Мужчины сидели в молчании, пока не вернулась Грейс. Она долго и пристально глядела на Ройбена и в конце концов сказала:
— Я и представить себе не могла, что ты способен на такой гнев. Должна признаться, что это было страшновато.
Она принужденно хохотнула, Фил ответил ей коротким сдавленным смешком, и даже Джим заставил себя улыбнуться. Грейс накрыла ладонью лежавшую на столе руку Фила, и они коротко, понимающе переглянулись.

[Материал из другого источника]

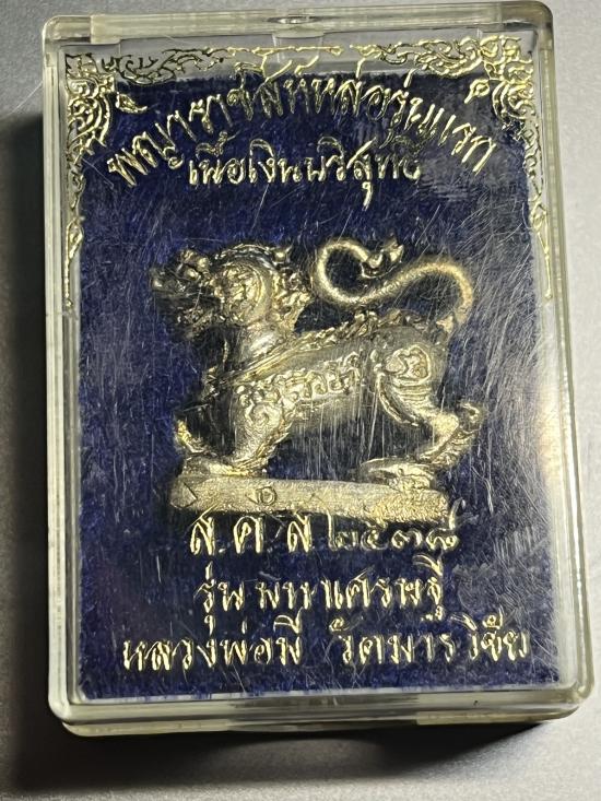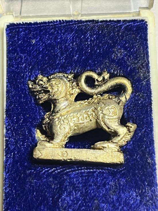 พญาราชสีห์หล่อรุ่นแรก หลวงพ่อมี วัดมารวิชัย เนื้อเงิน พร้อมกล่องเดิม

— Страшновато, говоришь? — произнес Ройбен. Его все еще трясло от ярости. Он был возмущен до глубины души. — Послушай, мама, я не знаменитый врач вроде тебя и не практикующий юрист вроде нее. И не священник-миссионер из трущоб вроде тебя, Джим. Но я совершенно не такой, каким она меня здесь описывала. Но никто из вас слова не сказал в мою защиту. Никто. Что ж, у меня есть мои мечты, мои цели, мои устремления, и пусть они и не ваши, но они мои. И я всю жизнь стремлюсь к ним и работаю ради этого. Так вот, повторяю, я совсем не тот человек, каким она старалась меня выставить. Ладно, пусть у вас не хватило духу защитить меня, но уж за отца-то можно было заступиться! Он-то ничем не заслужил ее укусов.
— Нет, конечно, нет, — поспешно сказал Джим. — Конечно, нет. Но, Ройбен, ведь она может передумать и все-таки сделать аборт. Ты хоть это понимаешь? — Он понизил голос. — Ведь мы только потому и сидели здесь и слушали все это. Мы просто не хотим, чтобы она сорвала свое зло на младенце.
— Ой, да ну ее к черту! — Ройбен тоже понизил голос, хотя от злости его так и подмывало кричать во всю глотку. — Не сделает она никакого аборта — после того как подписалась под этими денежными документами! Она не сумасшедшая. Она просто подлая и трусливая, как все нахалы. Но не сумасшедшая. Я же больше не намерен сносить ее оскорбления. — Он поднялся. — Папа, я прошу прощения за то, что она сказала тебе. Это было грубо и гнусно, как и все, что она произносит.
— Ройбен, об этом не стоит даже говорить, — спокойно ответил Фил. — Я всегда глубоко жалел ее.
Эти слова не на шутку озадачили и Джима, и Грейс, но Грейс, кажется, удачнее справлялась с захлестывавшими ее эмоциями. Она так и сидела, крепко держа мужа за руку.